Double-polarization interferometry (DPI) is an emerging technique for the quantitative study of molecular interactions, offering benefits such as high sensitivity, label-free operation, and the ability to acquire real-time data on molecular recognition dynamics and structures. However, during the acquisition of interferometric images, various interferences, such as speckle noise, may occur. DPI relies on phase shifts in interference fringes to calculate key parameters, including intermolecular forces. Therefore, it is essential to denoise the acquired complex interferometric images to minimize noise interference during phase shift extraction. The interferometric images obtained through DPI typically feature pronounced bright and dark fringes, along with clear boundary information. However, traditional denoising methods often result in excessive filtering, leading to blurred boundaries and loss of critical information. Thus, the development of a denoising algorithm tailored for complex interference fringes is crucial for improving the quality of subsequent analyses in DPI and its practical applications.
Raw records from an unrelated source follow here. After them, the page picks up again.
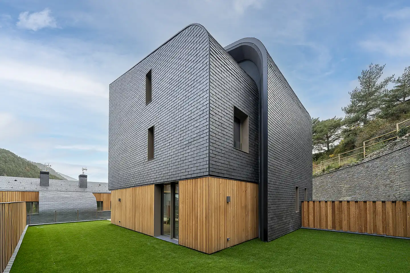 Aldosa Village es presenta com un assaig contemporani sobre l’habitar en territori de muntanya, on tradició constructiva alpina i sofisticació actual troben síntesi.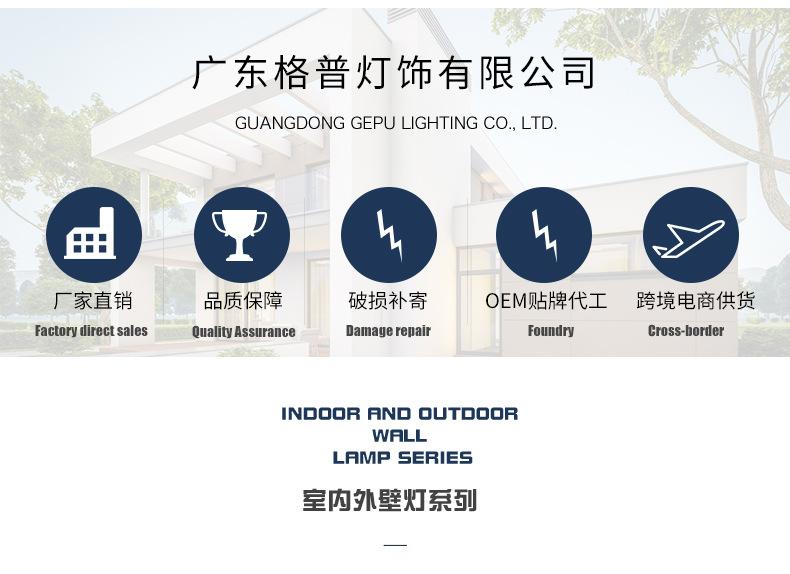 Guangdong Gepu Lighting es un fabricante y vendedor profesional de lámparas de pared LED impermeables para exteriores, lámparas de pared para dormitorios, salas de estar y otros tipos de lámparas de pared. La empresa cuenta con un amplio inventario de productos y se especializa en el comercio electrónico nacional Tmall, Taobao, el comercio electrónico transfronterizo Amazon y otras marcas, para resolver la presión de inventario y el ciclo de producción de diversas plataformas de comercio electrónico. Los vendedores de comercio electrónico están invitados a colaborar.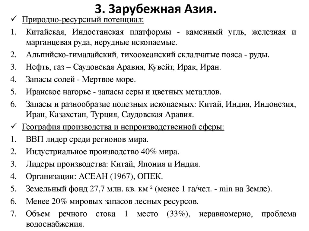 3. Зарубежная Азия.Природно-ресурсный потенциал: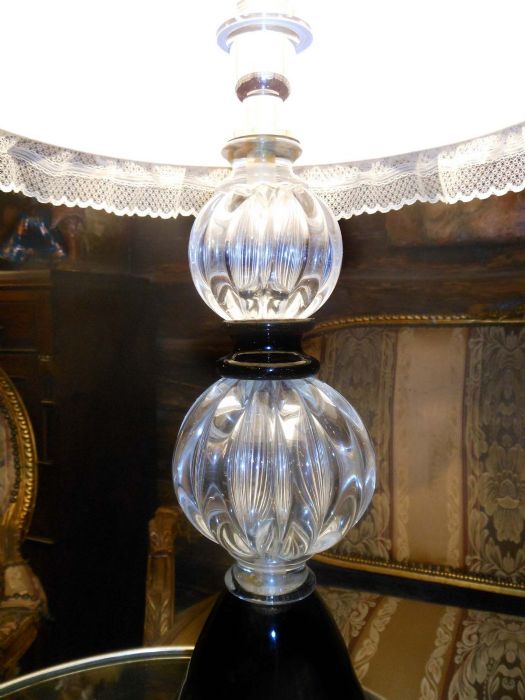 Deliziosa lampada da tavolo del periodo "futurista" con lavorazione "a bala", cioè un susseguirsi di forme rotondeggianti e coniche dove si alternano il vetro cristallino e il "nero hyalit" creando un insieme molto armonico. Tipico del periodo "futurista", quando Carlo Scarpa e Giò Ponti disegnarono lampadari e oggetti per le vecchie fornaci muranesi.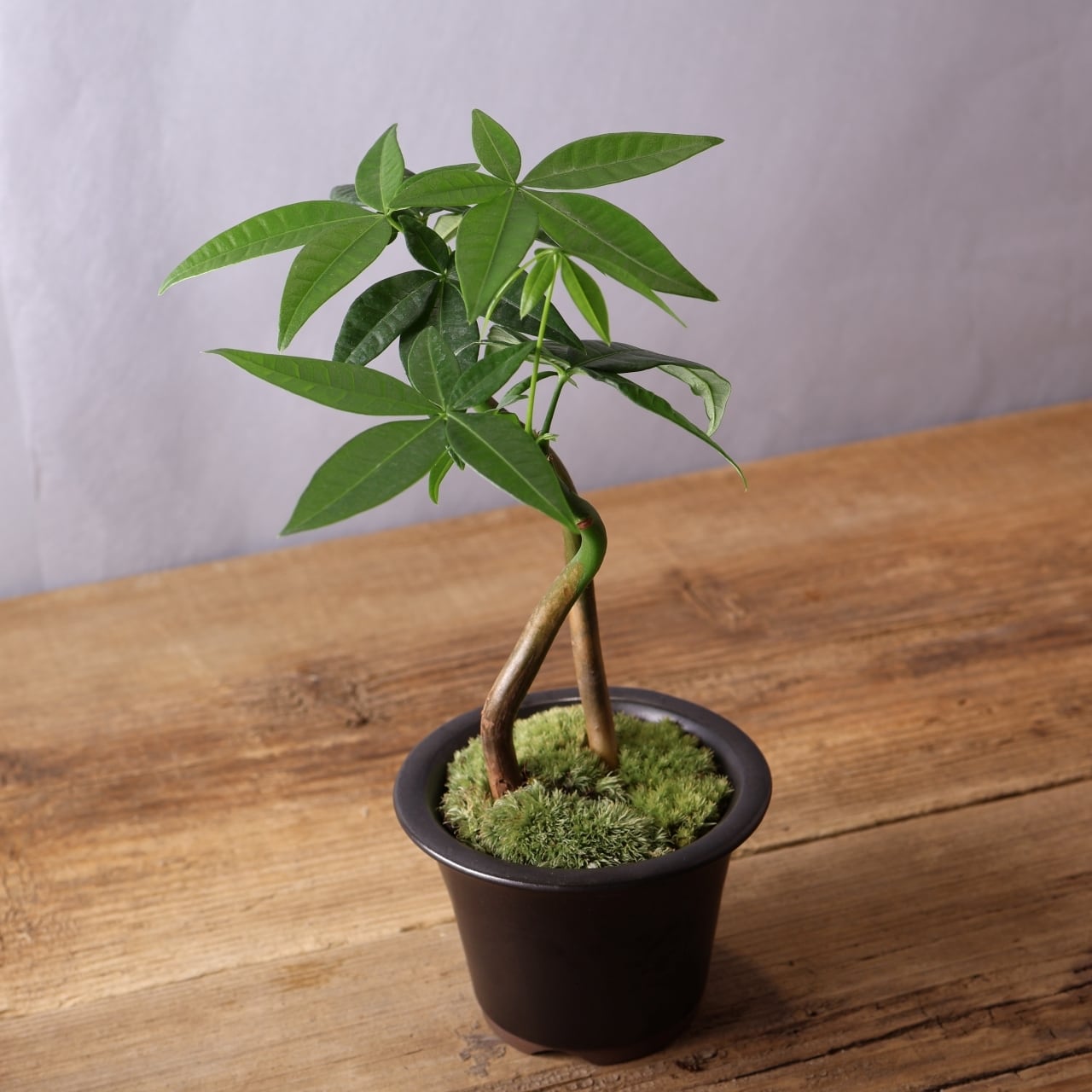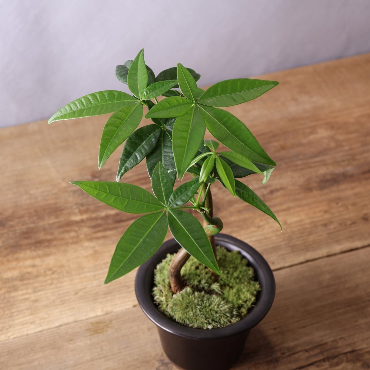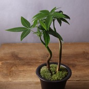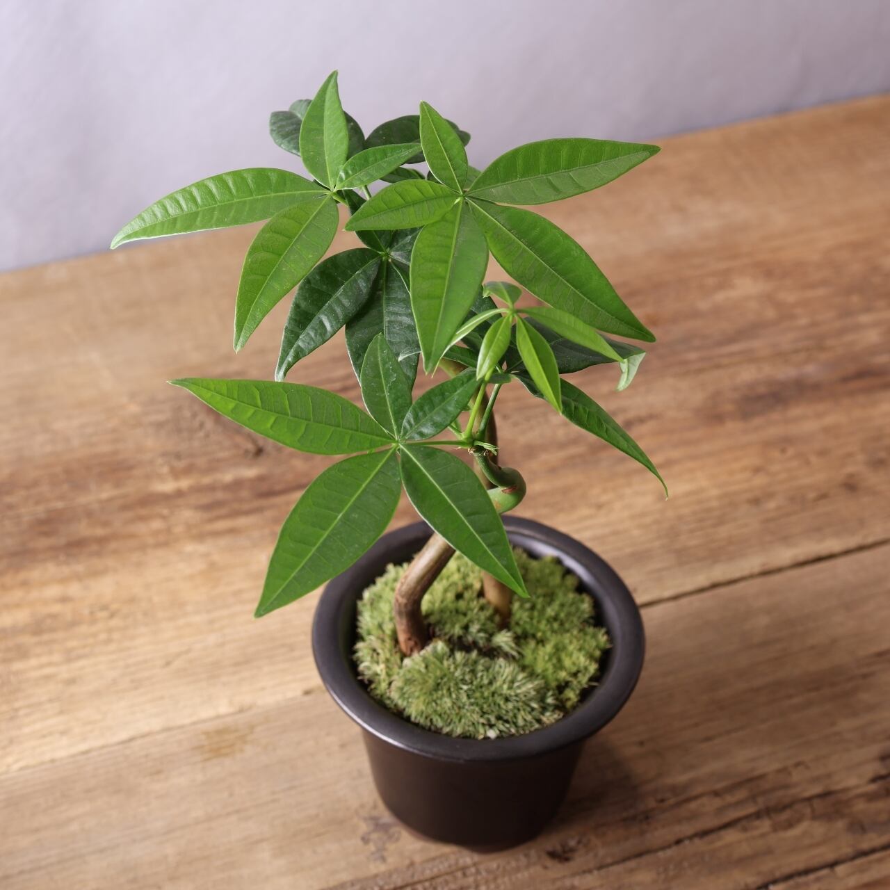 パキラは光沢のある掌状の葉と、編み込みや太い幹姿が特徴的な観葉植物。

We propose a denoising algorithm that combines sine-cosine decomposition with the discrete cosine transform (DCT) for processing complex DPI interference fringe images. The algorithm first decomposes the interference image into sine and cosine components, generating the corresponding sine and cosine maps. By exploiting the energy concentration properties of DCT in the frequency domain, noise components in the maps are effectively removed. The denoised image is then restored through an arctangent operation. Comparative experiments are conducted on both simulated and real interference fringe datasets. Various denoising techniques are evaluated, including mean filtering, median filtering, wavelet-based frequency domain denoising, isotropic and anisotropic methods, the fast nonlocal means (FNLM) and weighted nuclear norm minimization (WNNM) algorithms, and N2N training strategies. These methods are compared with the proposed algorithm to assess the performance of each and to validate the effectiveness of the proposed approach. Additionally, phase shift curves are extracted and compared before and after denoising to further demonstrate the reliability of the proposed algorithm.
We use MATLAB software to generate simulated interferogram images, and the simulation results (Fig. 9) demonstrate the superior performance of the proposed algorithm. After processing, the images exhibit higher contrast and finer textures, with edge details fully preserved. Both the peak signal-to-noise ratio (PSNR) and structural similarity (SSIM) metrics (Table 1) consistently outperform those of other algorithms. In contrast, traditional filtering methods lack sufficient denoising capability, resulting in blurred edge textures. The results from wavelet, isotropic, and anisotropic algorithms are less satisfactory, as some noise remains in the images. Although the FNLM and WNNM algorithms display some competitiveness, their denoising effects and edge clarity still fall short of those of the proposed algorithm. Furthermore, although the N2N algorithm outperforms the proposed algorithm in terms of PSNR, its SSIM value is lower, and its denoising effect is not significantly better. In experiments with real interferogram images (Fig. 10), the proposed algorithm continues to perform the best, with previously blurred areas becoming clearer and providing more reliable data for subsequent analysis and processing. In contrast, traditional filtering methods perform poorly, leaving significant noise in the images. The results of wavelet, isotropic, and anisotropic filtering are suboptimal, producing blurred edge textures. While FNLM and WNNM algorithms demonstrate relatively good denoising effects, with WNNM slightly outperforming the proposed algorithm in SSIM, its PSNR value is 0.9533 dB lower (Table 2), and both algorithms are inferior to the proposed method in preserving edge details. In real image denoising experiments, the performance of the N2N training strategy does not match that of the simulation experiments. Although its denoising level surpasses other comparison algorithms and preserves edge textures well, some noise remains. Finally, by applying the proposed algorithm to denoise a set of interferogram images, we compare the phase shift curves before and after denoising (Fig. 11). The results confirm that the proposed algorithm effectively eliminates abnormal jumps in the phase shift curve, further validating its reliability.
In DPI, interferometric images often contain complex structures and substantial noise, making denoising a critical step in accurately extracting phase shifts. This paper presents a novel algorithm that combines sine-cosine decomposition with the discrete cosine transform to achieve high-precision denoising of interferogram images. Comparative experiments demonstrate that the proposed algorithm significantly reduces noise levels while preserving edge and texture details to the greatest extent possible, effectively avoiding edge blurring due to over-filtering. The evaluation of different denoising methods indicates that the proposed algorithm achieves higher PSNR and SSIM values, signifying effective noise reduction with minimal loss of information. The processed interferometric image set successfully eliminates abnormal jumps in the phase shift curve, enhancing the accuracy and reliability of phase shift extraction. This contributes to improving the quality of analyses and applications in DPI.